3) "Marat/Sade" - Peter Weiss
A powerful play about the French revolution and how political dissidents were locked up in insane asylums. Thus it explores that boundary between revolutionary/radical thinkers and the mad, while also examining the propensity for change within the individual and across whole societies.



2) "Geography of a Horse Dreamer" - Sam Shepard
I think of all playwrights, Shepard has my favourite body of work. It's hard to pick just one. But there were a few plays he wrote in exile in the UK, looking back at his home country of the US and this is one from that period. It's small but perfectly formed, as a cowboy is kidnapped by gangsters because he has a special gift for forecasting winning racehorses so they can clean up at the bookies.

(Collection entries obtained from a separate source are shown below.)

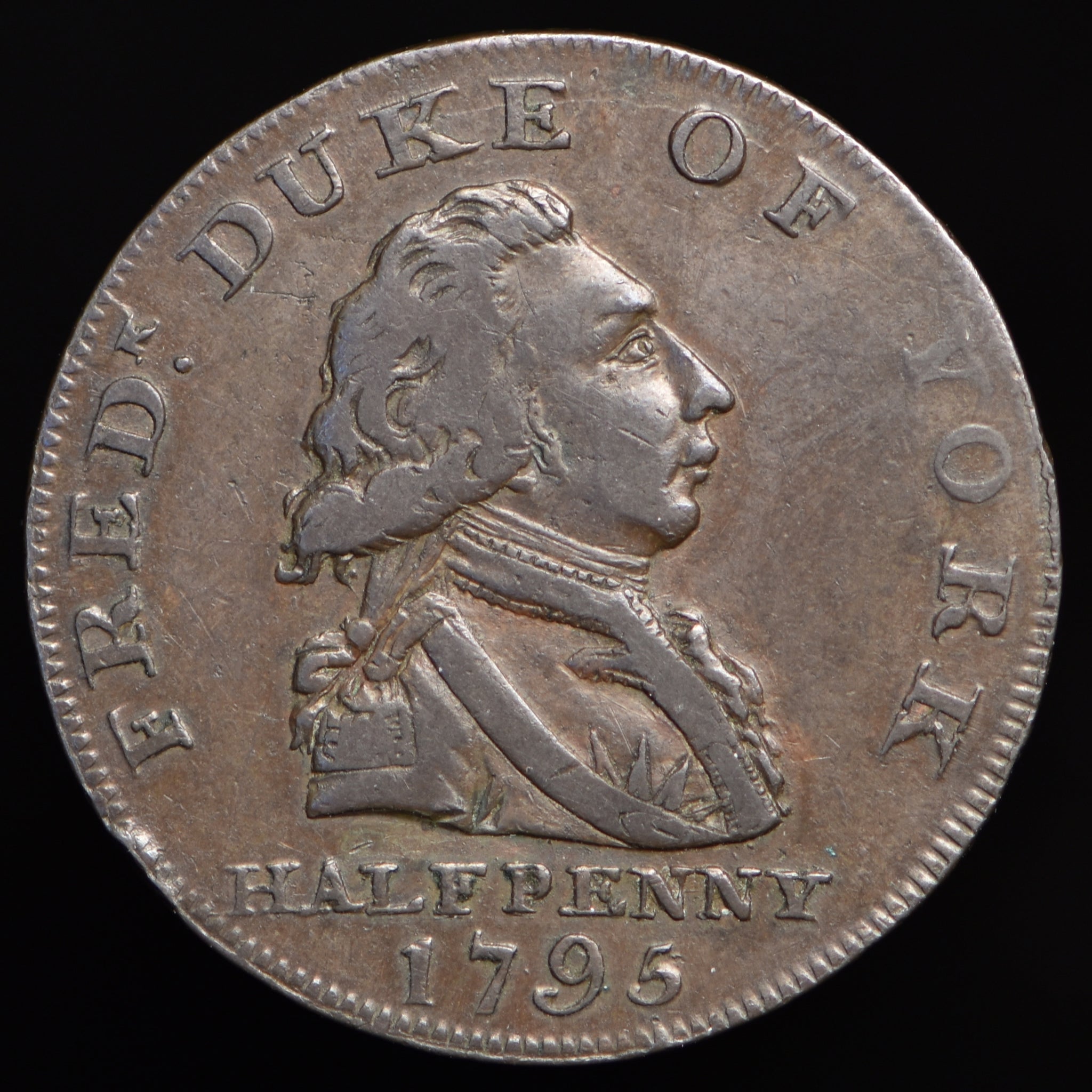 Obv: Bust facing right, FREDK. DUKE OF YORK around, HALFPENNY 1795 in exergue. Rev: Ship sailing left, THE WOODEN WALLS OF OLD ENGLAND around. Edge: PAYABLE AT LONDON OR DUBLIN . X . X .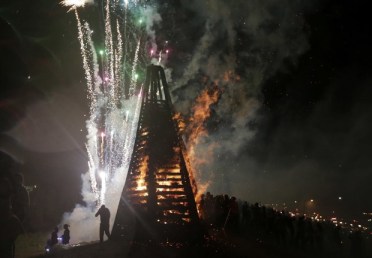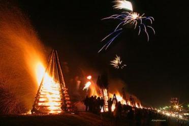 It’s Bonfire Night in the River Parishes! The fires are lit to guide Père Noël to the homes of Cajun children in the southern swamps of the state. Towers and all kinds of things made of timber are lit up and down the Mississippi River levees in St John the Baptist and St James’ Parishes.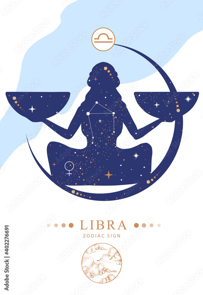 Fotografie Modern magic witchcraft card with astrology Libra zodiac sign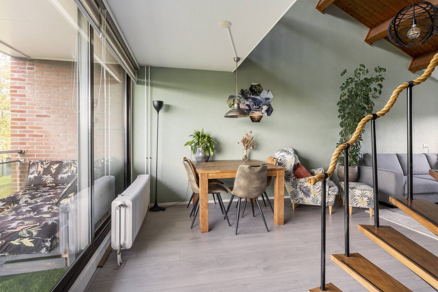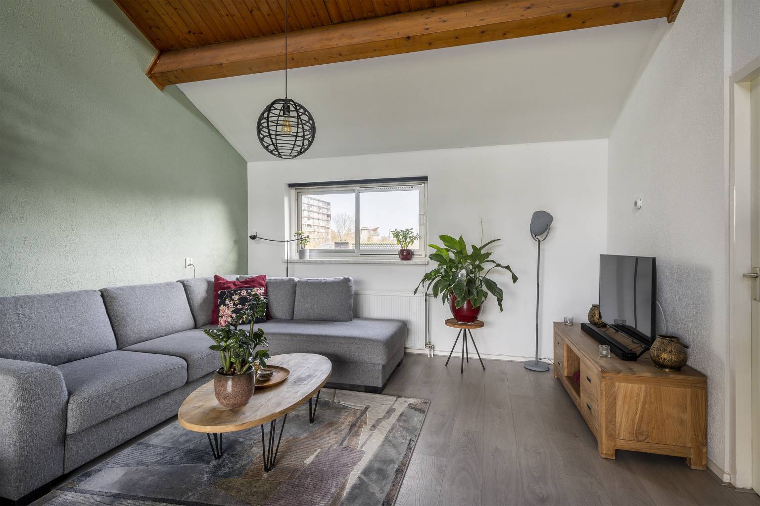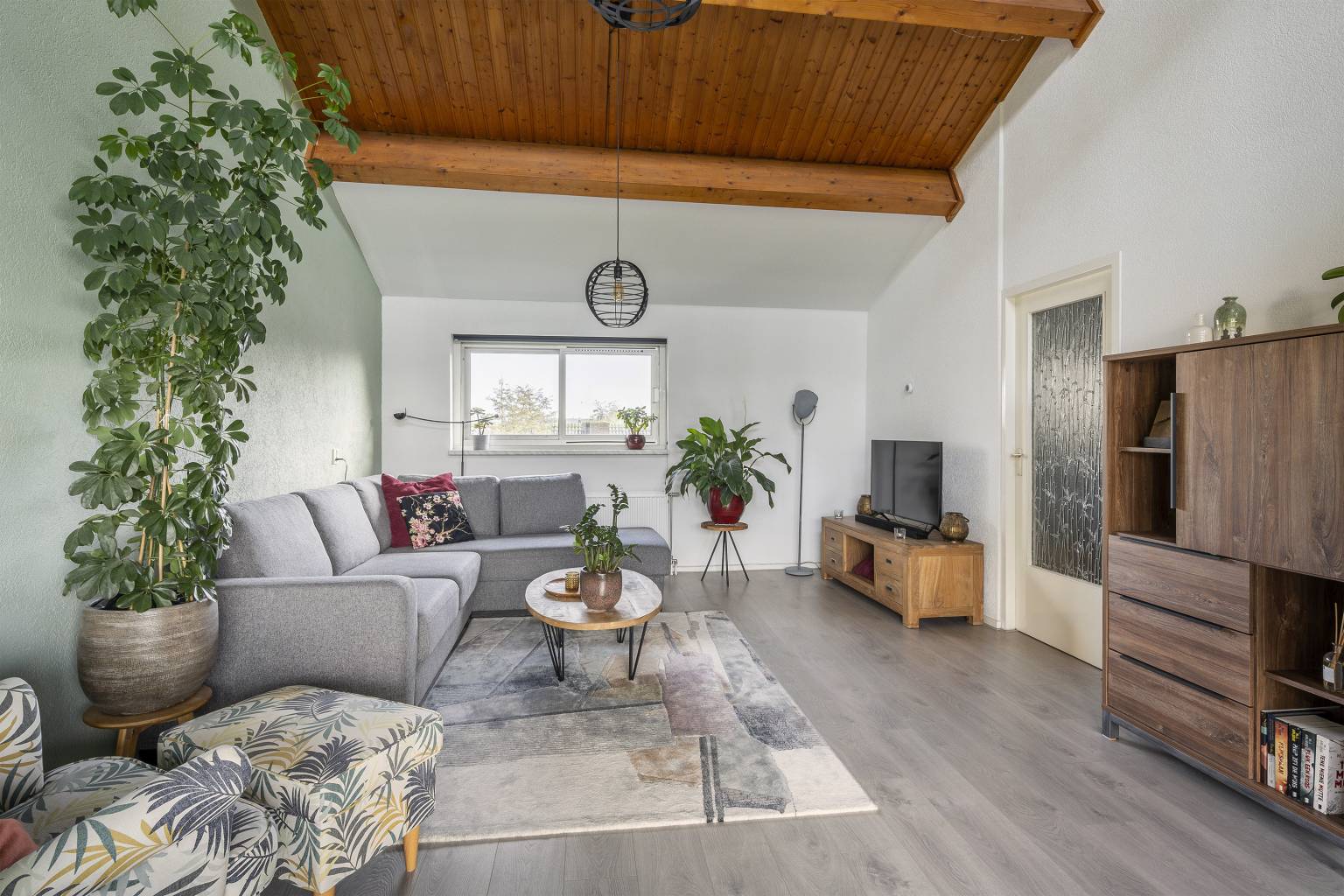 De entreehal beschikt over een garderobe, meterkast, vaste kast met cv-opstelling en aparte toiletruimte. De aparte toiletruimte is grotendeels betegeld en voorzien van een toilet en fonteintje. In dezelfde stijl als de aparte toiletruimte is de badkamer afgewerkt. De badkamer beschikt over een douchebad, wastafel en een wasmachineaansluiting. Aan het einde van de entreehal is er toegang tot de woonkamer. Bij het betreden van de woonkamer komt u terecht in een fijne en lichte ruimte. Door de vide oogt het ruimtelijk en kunt u optimaal genieten van ultiem woongenot. De woonkamer beschikt over een nette laminaat vloer en biedt toegang tot de keuken en het balkon. De L-vormige keuken is voorzien van voldoende kastruimte en benodigde keukenapparatuur zoals een 4-pits gaskookplaat, vaatwasmachine, combi-oven en koelkast met vriesvak.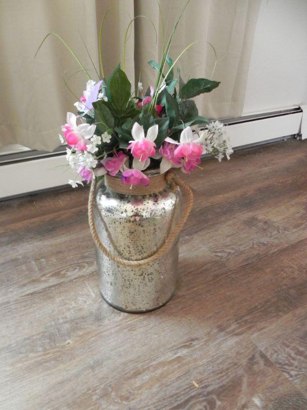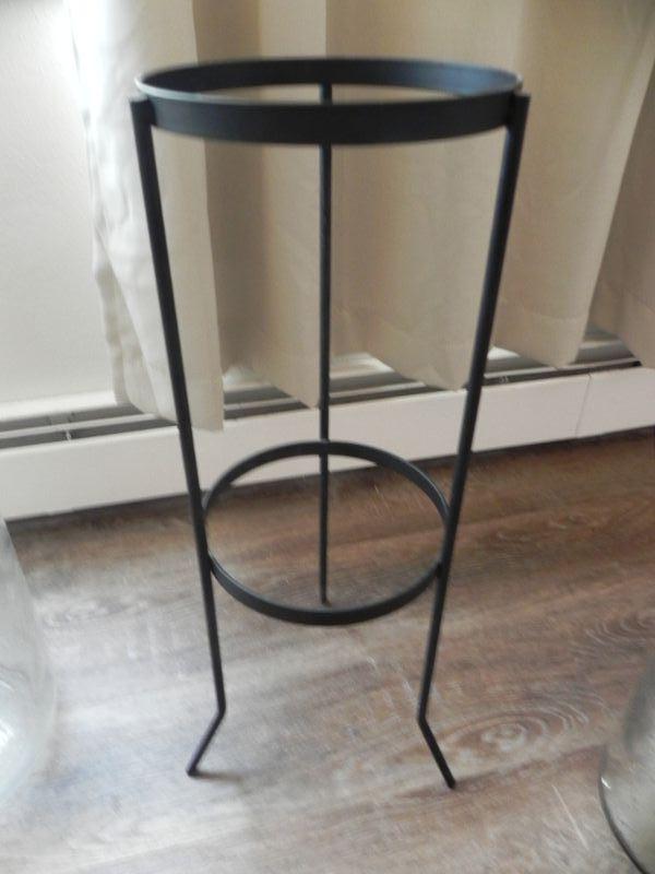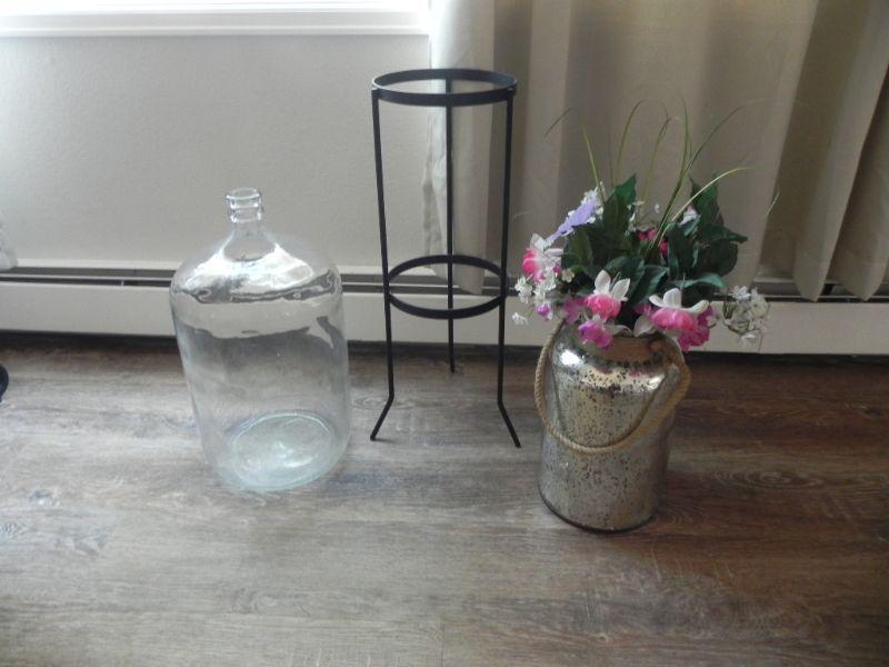 IRON PLANT STAND, GLASS VASE WITH HANDEL AND GLASS BOTTLE WITH "CRISA" ON BOTTOM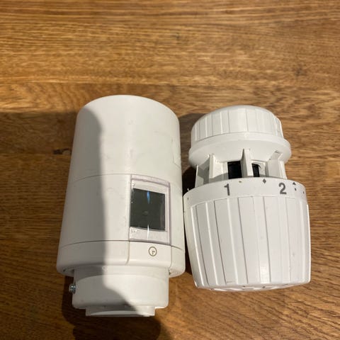 Danfoss termostatventil i hvid farve. Denne ventil anvendes til regulering af varme i radiatorer og sikrer temperaturstyring i rum. Ventilen har en drejeknap med nummereret skala for præcis indstilling. Da jeg har skifte til nogen andre modeller den virker fint fejler ikke noget.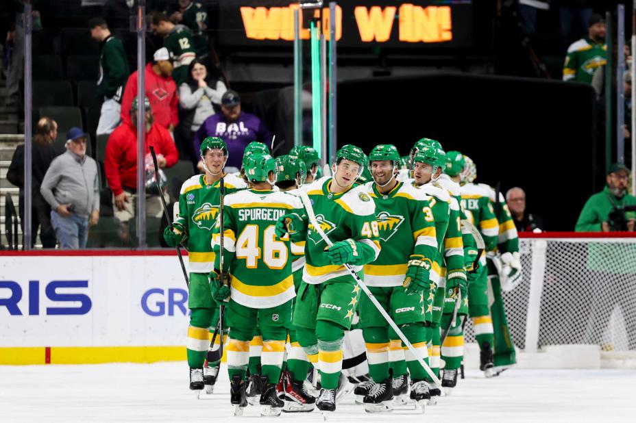 Minnesota Wild feirer etter å ha vunnet kampen mot Calgary Flames i St. Paul søndag. Foto: Ellen Schmidt, AP / NTB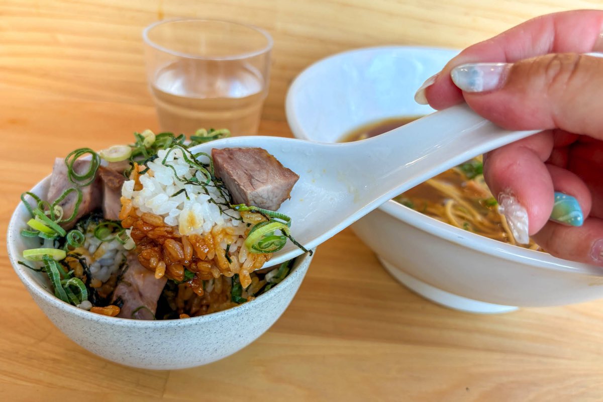 麺はパッツン系の低加水・中細ストレートで歯切れよく、心地いい食感が残る。肉肉しさ溢れる分厚いチャーシューもまたよき。おすすめの特製ミニチャーシュー丼も一緒に。

However, cut adrift from his Wyoming home, the cowboy is losing his mind and his touch, whereupon the gangster captor is getting more desperate to restore his powers, while his doctor sidekick is more keen to isolate the creative energy by culling his body parts. The cowboys' brothers turn up to rescue him and return him to the range. Shepard's psychic pain at being cut off from his own home roots are encapsulated in this perfectly.



1) "Endgame" - Samuel Beckett
No one 'got' theatre like Beckett in my opinion. I think because real life amused him and was absurd and illusory as the stage itself. Life was a play and not a very logical or coherent one at that. Everyone cites "Godot" of course, but I believe this is a far superior play. One character Hamm is unable to stand, his antagonist Clov unable to sit. Hamm's parents both live inside dustbins. It's bleak and dystopian and nihilistic but it is also funny and moving and has stark, stripped down visually imagery that is so powerful. When life is so painfully absurd, all you can do is laugh at it, which is exactly what Beckett has us do. It's one of those plays that is so all-absorbing, the audience are no less captives in the theatre than the characters on stage, until the houselights come up to release them... into a world as absurd and illogical outside the theatre's doors. For the duration of the play, there is no outside world, no fourth wall of separation. A masterpiece.